First things first: YOU NEED AN EMERGENCY FUND!!!
Now that we got that out of the way, let's talk about what an emergency fund is and is not.
When people suggest an amount for an emergency fund, it is often couched in terms of 3 to 6 months of expenses. This leads to the idea that its primary purpose is for loss of income. This could not be further from the truth. While job loss is the worst case emergency for which your fund could be used, it is not the most likely, especially for a someone with a solid job. Your emergency fund is most likely to be used for an unexpected repair or an emergency trip. I recently had a slew of emergencies (hence the impetus for this post) and they included AC repair (which looked like it might be a replacement) a broken dishwasher and a near dead dryer. I also either need a new car, or have some impending repairs due on the old one.

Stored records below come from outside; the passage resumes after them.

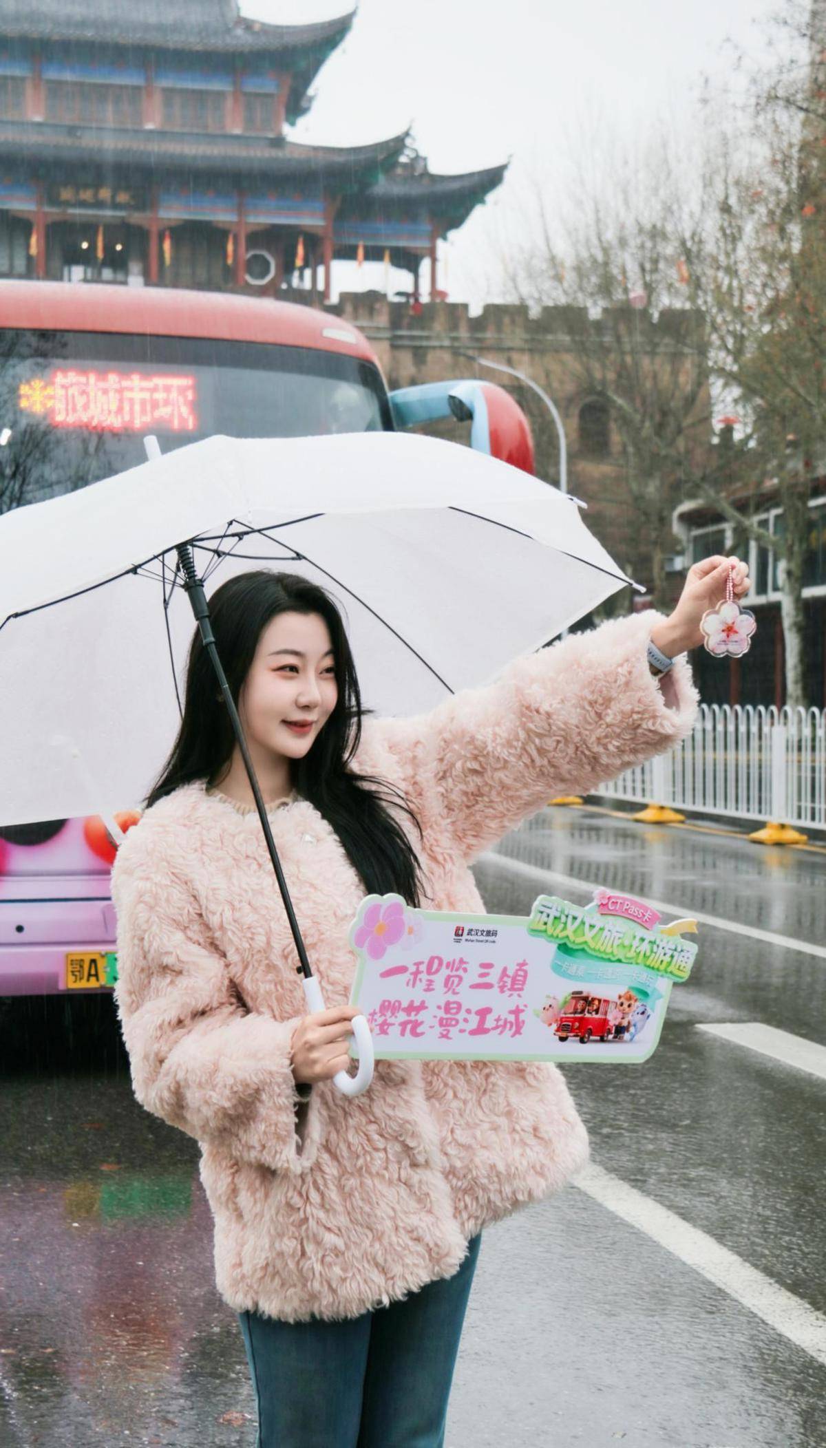 本次活动以“一程览三镇·樱花漫江城”为主题,推出【武汉文旅·环游通】赏樱季限定CTpass卡。该卡为樱花造型文创产品,兼具武汉通储值卡功能,可在公交、地铁、轮渡及武汉至黄冈高铁等场景使用,实现“一卡通乘”。卡内包含武汉文旅城市环游巴士单人票一张,并附赠15元充值券,持卡人还可享受黄鹤楼、两江游览、热雪奇迹等景区门票优惠或免票权益。卡片可通过武汉文旅码、抖音等平台线上购买,线下核销领取,支持NFC充值和自助设备充值。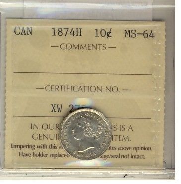 10 Cents 1874H, ICCS MS-64. Crisp and sharp white.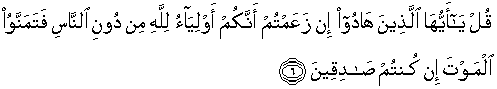 6. Katakanlah: "Hai orang-orang yang menganut agama Yahudi, jika kamu mendakwakan bahwa sesungguhnya kamu sajalah kekasih Allah bukan manusia-manusia yang lain, maka harapkanlah kematianmu, jika kamu adalah orang-orang yang benar."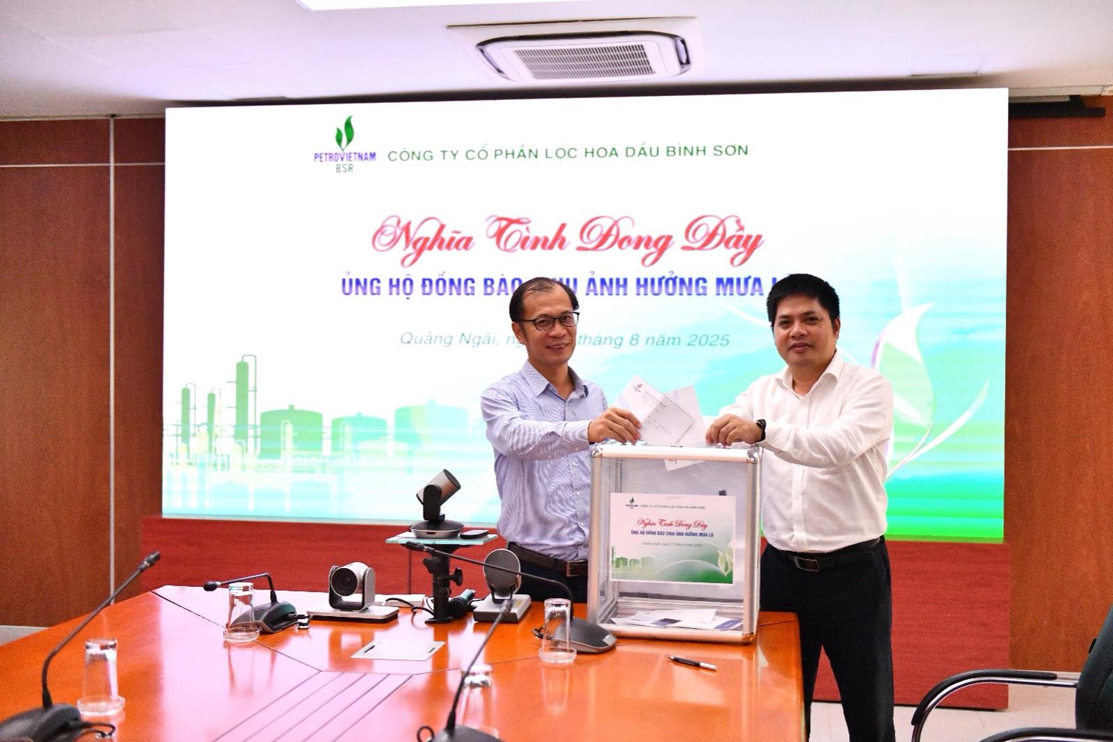 (Thanh tra) - Hưởng ứng chương trình “Nghĩa tình đong đầy” do Tập đoàn Công nghiệp - Năng lượng Quốc gia Việt Nam (Petrovietnam) phát động để ủng hộ đồng bào bị ảnh hưởng mưa bão, ngày 07/8/2025, Công ty cổ phần Lọc hóa dầu Bình Sơn (BSR) đã tổ chức quyên góp, chung tay chia sẻ khó khăn với đồng bào ở Bắc Bộ và Bắc Trung Bộ bị thiệt hại nặng do thiên tai, sớm vượt qua hoạn nạn và ổn định cuộc sống.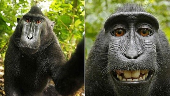 David J Slater spokojnie fotografował dziką przyrodę, gdy niespodziewanie doszło do aktu przestępstwa. Niepilnowany przez niego aparat na statywie został skradziony ... przez małpę. Małpę-złodzieja łatwo było namierzyć gdyż ta zrobiła sobie serię autoportretów.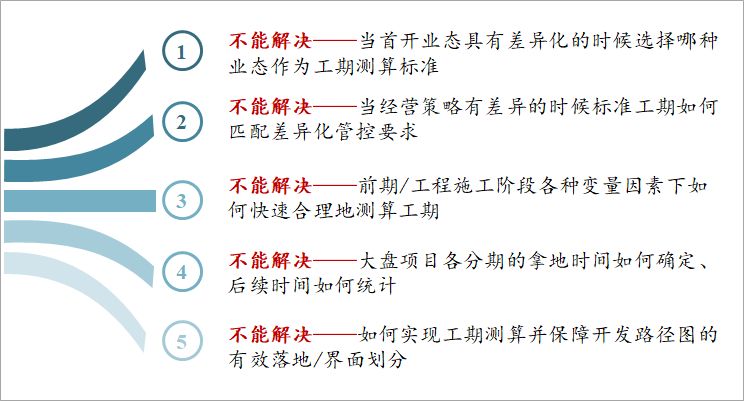 归结起来,传统的标准工期所存在的问题,一方面体现在实操性、灵活性及落地性上,另一方面表现为与经营策略不匹配,在很多情况下无法与计划管理联动或者联动关系很弱,因而常常无奈被“束之高阁”。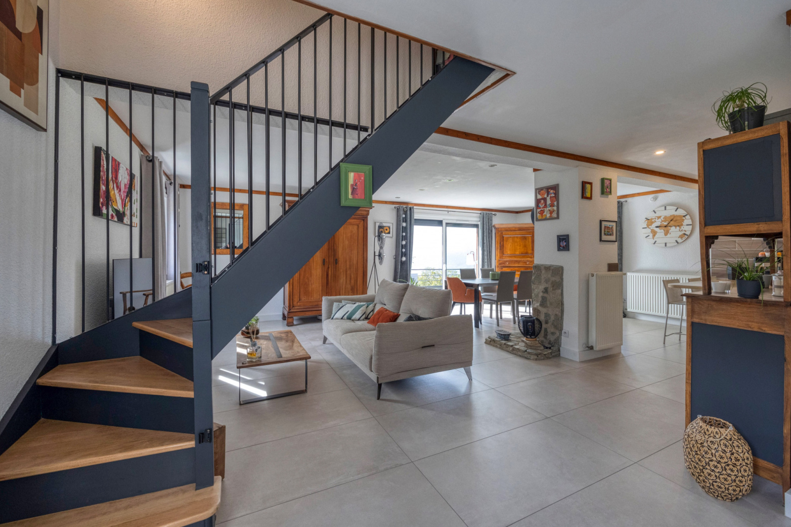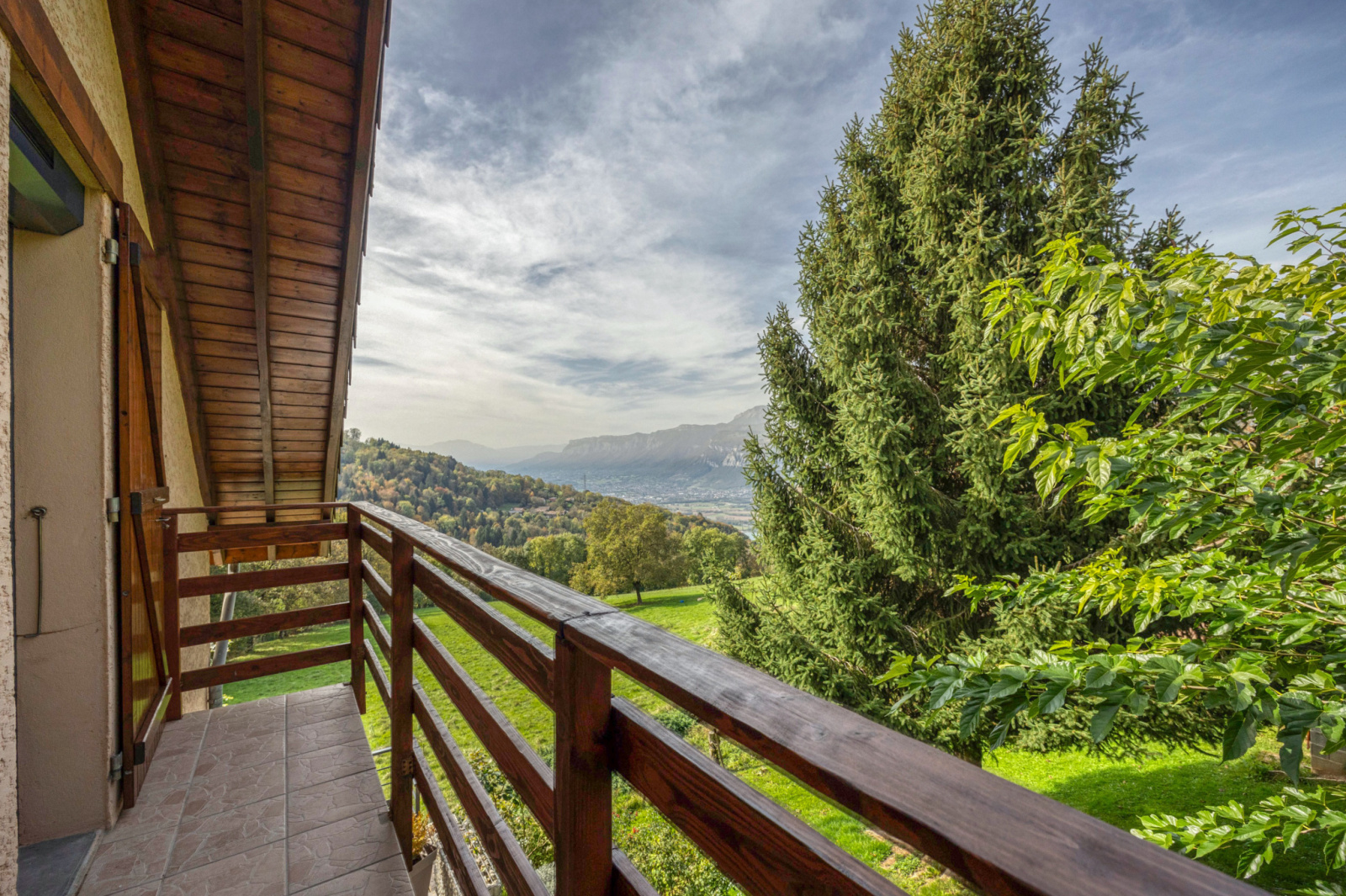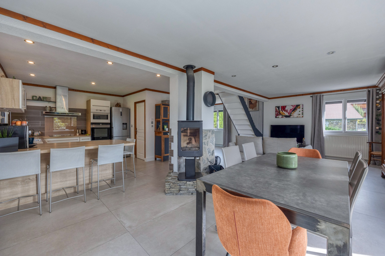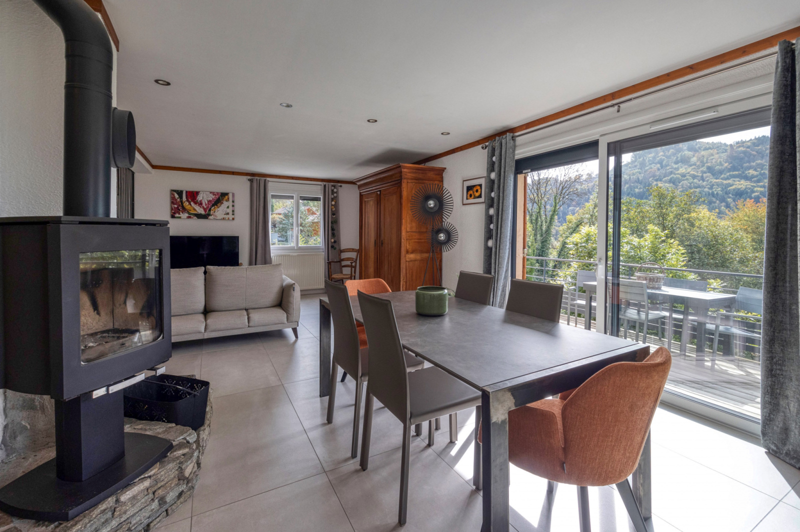 En rez de jardin un grand salon de 50m2 ouvert sur la cuisine et donnant sur des terrasses Plein SUD avec Vue sur la vallée du Grésivaudan et Grenoble.

All of the above is no sweat because I have an emergency fund. Not only that, I have a budget line item that feeds into the emergency fund so I don't have to refigure my budget to refill the fund for the money I just took out.
Knowing how much you need, and how to get the money in there is hard. That's why people simplify with the 3 to 6 months expenses trope. It will generally overfund it, as well as covering the worst case, which is often an extended job loss (it's just not the likely one). What follows is a mix of what I do, and advice for people just starting out.
I set my emergency fund at six months of MANDATORY expenses: rent/mortgage, basic (or locked in by contract) utilities, basic food, and miscellaneous NEEDS (no BS wants disguised as needs). This was easy since I have a budget (you do have a budget, right?) I then set a budget line item that filled the budget in 12 months (this is overkill - 24 months is plenty - 30 months the longest you should go). If my emergency fund gets over-filled, I buy myself something I want, but wouldn't ordinarily be willing to budget for (like a trip or fancy electronics). Make sure this amount will cover a major car repair or a trip to your furthest relative's home.
Doing it this way ensures you will eventually be prepared for almost every emergency likely to occur. But what happens if an emergency happens while filling the fund? The honest answer is you might be screwed. To avoid that, use a tax refund, other savings, or a bonus to fill the fund up as quickly as possible.
Bottom line, you need an emergency fund. The added bonus of having one is that our old buddy Murphy tends to cause emergencies for people who aren't prepared. Having an emergency fund is, paradoxically, one of the best ways to avoid needing one.